The tutorial will be useful for building a general understanding about building A/B pipelines and using the tools from Ambrosia.
We will not discuss the choice of hypothesis, criteria, or the logic behind certain parameter values.
[2]:
import pandas as pd

from ambrosia.preprocessing import AggregatePreprocessor
from ambrosia.designer import Designer
from ambrosia.splitter import Splitter
from ambrosia.tester import Tester
Your CPU supports instructions that this binary was not compiled to use: AVX2
For maximum performance, you can install NMSLIB from sources
pip install --no-binary :all: nmslib

Load data

[3]:
dataframe = pd.read_csv('../tests/test_data/week_metrics.csv')
dataframe.head()
[3]:
id gender watched sessions day platform
0 0 Male 28.440846 4 1 android
1 1 Female 1.825271 2 1 ios
2 2 Female 46.995606 0 1 web
3 3 Female 37.310264 1 1 ios
4 4 Female 147.513105 0 1 web

Aggregate data

We would like to run a fixed-horizon A/B test in which we will observe the weekly metrics of users, and for the design of the experiment we have historical data of the size of a week. (For the real experiments historical data of one week is not enougth in that case)

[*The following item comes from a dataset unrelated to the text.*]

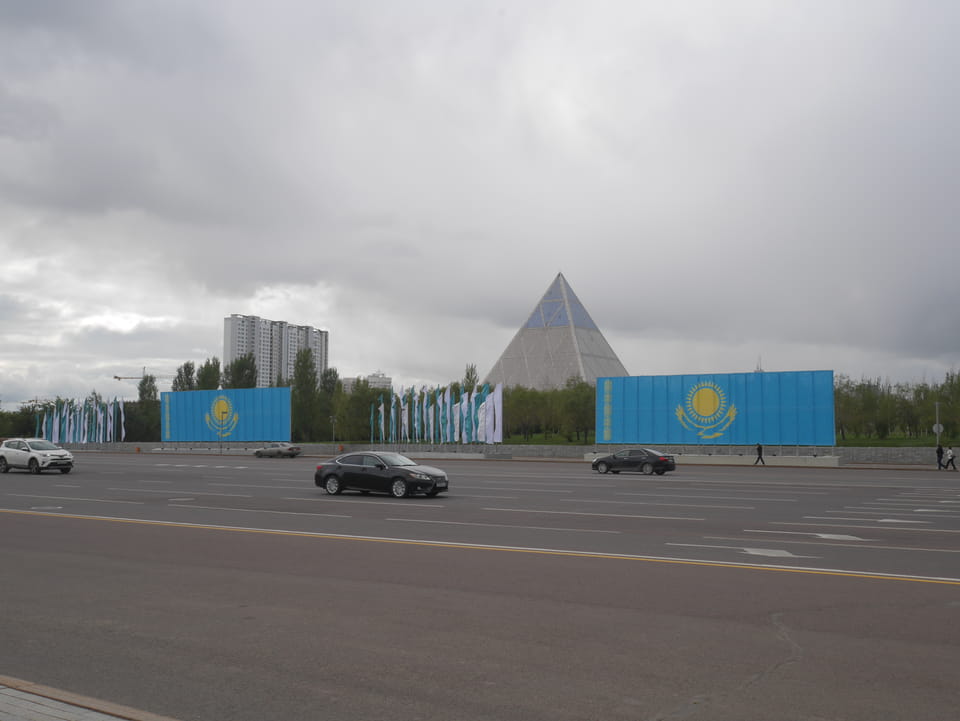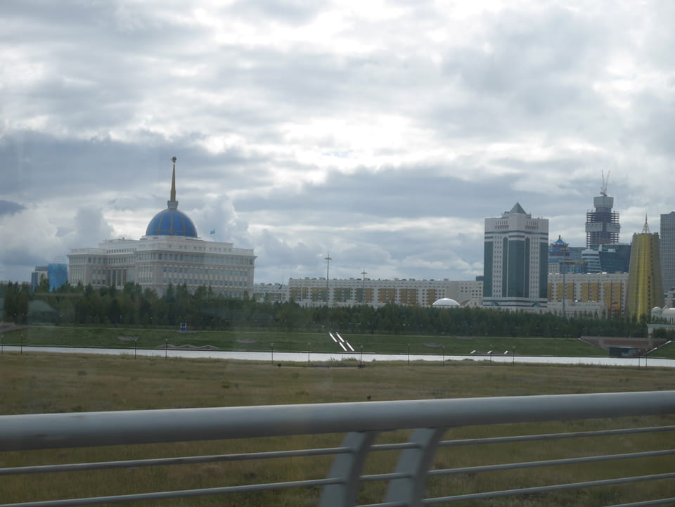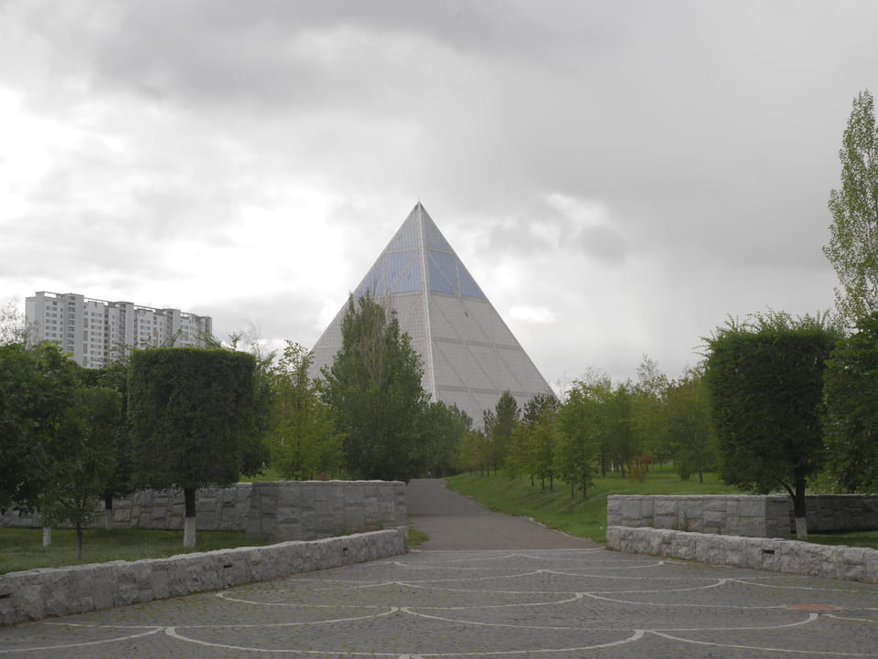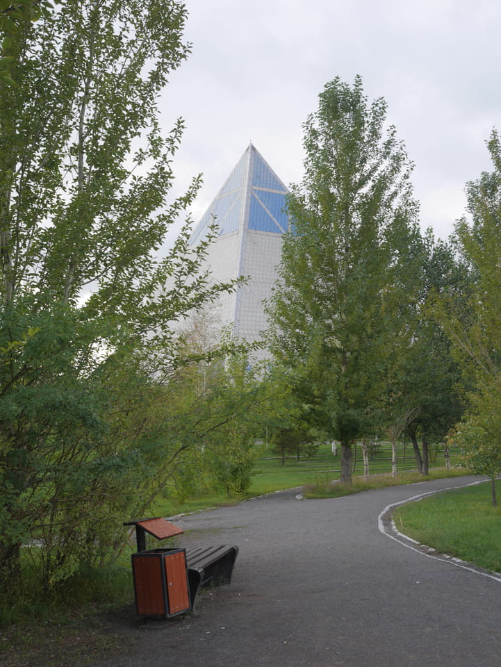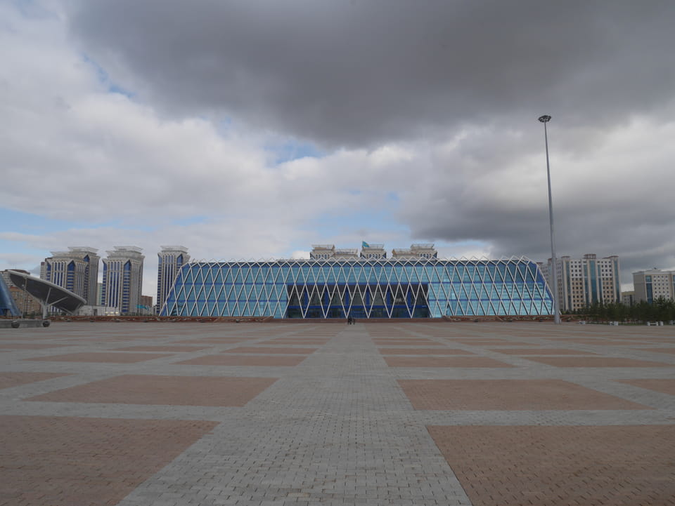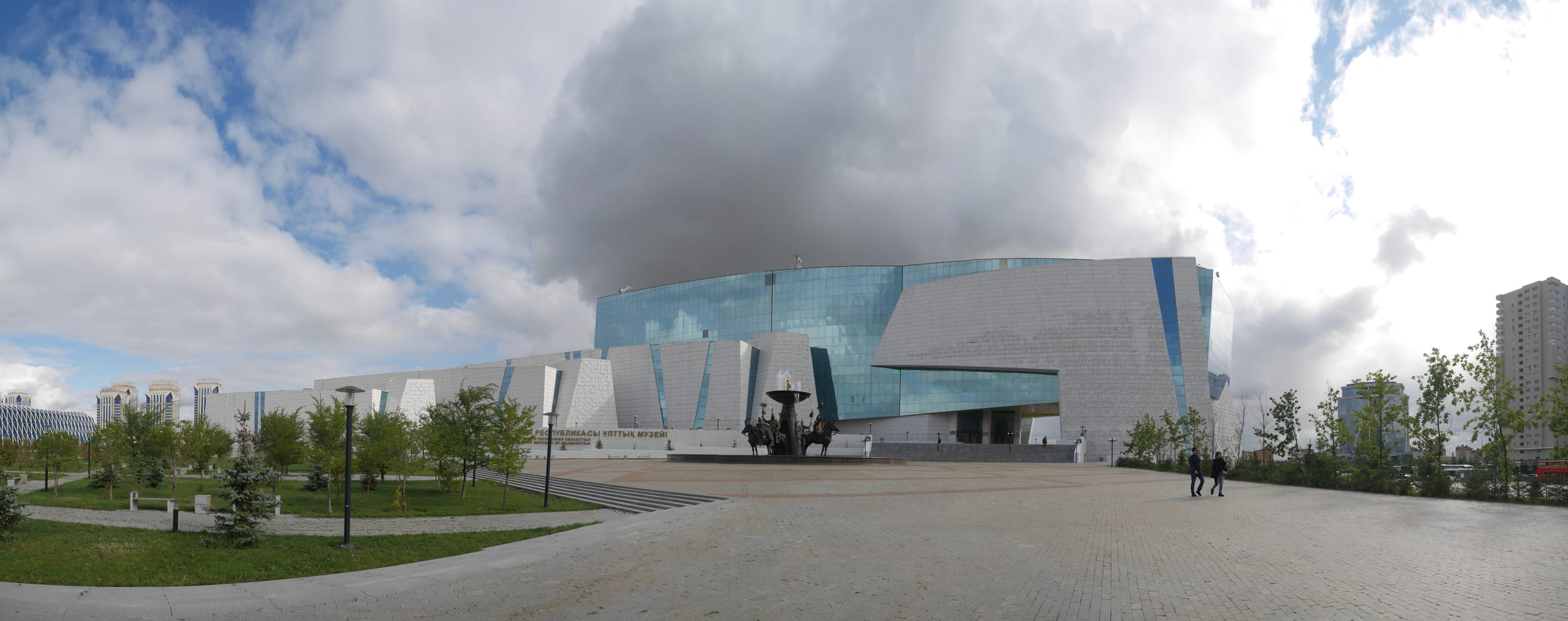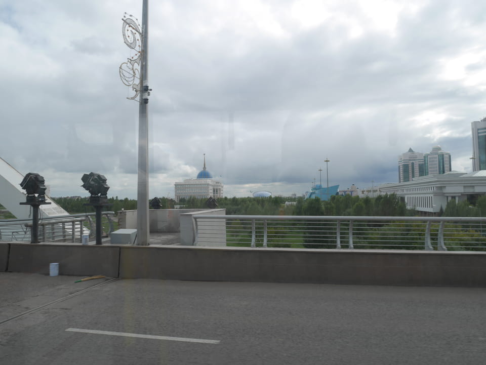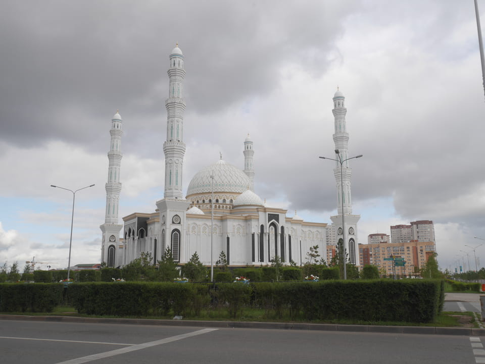 In der Nähe der Pyramide stieg ich aus. Da waren auch gleich eine Moschee und weiter zum Museum futuristische Bauwerke zu sehen. Kustakademie oder so. Wenig Leute waren heute unterwegs, obwohl hier einige Apartmenthäuser gebaut wurden. Astana macht eben einen zu modernen Eindruck, ist eben bisher nur eine politische Hauptstadt.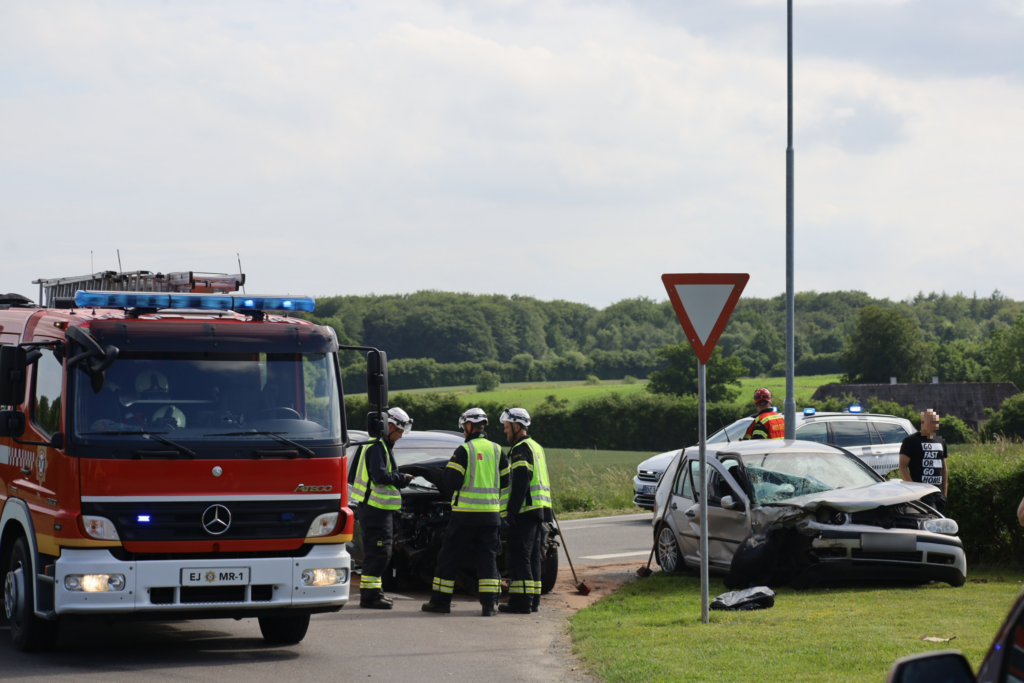 To biler har fredag eftermiddag været involveret i et voldsomt sammenstød i krydset mellem Bogensevej og Brovej i Brenderup på Fyn.

First, we need to aggregate the metrics by users in order to bring the metrics of the objects in the dataset to the desired form and so that rows become independent of each other.

[4]:
transformer = AggregatePreprocessor()
[5]:
df = transformer.fit_transform(dataframe,
                               groupby_columns='id',
                               agg_params={
                                   'watched': 'sum',
                                   'sessions': 'max',
                                   'gender': 'simple',
                                   'platform': 'mode'
                               })
[6]:
df.head()
[6]:
id watched sessions gender platform
0 0 772.597224 4 Male ios
1 1 538.076739 6 Female android
2 2 288.492353 7 Female android
3 3 373.620408 3 Female ios
4 4 630.238862 8 Female ios

Design A/B test parameters

Let’s conduct an experiment design, suppose we want to catch a 5% effect on the watched metric with standard I and II type statistical errors.
How many users should be in each experimental group for that scenario?

We will use theoretical approach for the parameters calculation, and after the end of the experiment we will apply the two sample independent t-test as a statistical criterion.

[7]:
designer = Designer(dataframe=df, metrics='watched')
[8]:
designer.run('size', method='theory', effects=1.05)
[8]:
Errors ($\alpha$, $\beta$) (0.05; 0.2)
Effect
5.0% 894

For our experiment, a number of about 900 objects in each experimental group is sufficient

Split groups

In our business scenario, we don’t need a real-time splitting system and we can use batch group split. We will use the same data frame as a complete database containing unique object IDs and some useful data.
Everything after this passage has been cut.